What you need to do: Reproduce word for word, from the entries below, the line with "Three areas in", the line with "They are distinctive", and every line between them, and nothing more.

Data records:
====================
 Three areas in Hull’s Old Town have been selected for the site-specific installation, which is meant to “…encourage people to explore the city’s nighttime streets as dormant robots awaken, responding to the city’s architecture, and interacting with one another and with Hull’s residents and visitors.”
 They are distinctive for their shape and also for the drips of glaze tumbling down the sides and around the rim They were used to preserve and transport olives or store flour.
====================
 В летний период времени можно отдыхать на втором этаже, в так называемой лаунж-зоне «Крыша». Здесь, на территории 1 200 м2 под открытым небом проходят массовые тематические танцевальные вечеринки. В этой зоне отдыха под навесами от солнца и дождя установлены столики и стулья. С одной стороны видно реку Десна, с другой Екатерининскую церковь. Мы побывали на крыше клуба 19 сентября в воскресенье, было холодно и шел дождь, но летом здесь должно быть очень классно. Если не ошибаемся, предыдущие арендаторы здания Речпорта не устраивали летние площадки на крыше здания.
====================
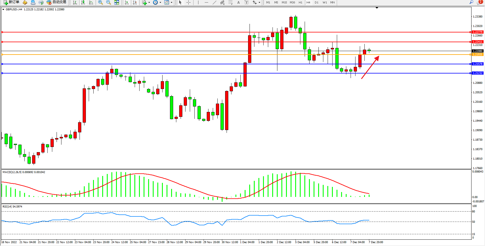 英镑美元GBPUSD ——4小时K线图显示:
====================
The completed task:
 Three areas in Hull’s Old Town have been selected for the site-specific installation, which is meant to “…encourage people to explore the city’s nighttime streets as dormant robots awaken, responding to the city’s architecture, and interacting with one another and with Hull’s residents and visitors.”
 They are distinctive for their shape and also for the drips of glaze tumbling down the sides and around the rim They were used to preserve and transport olives or store flour.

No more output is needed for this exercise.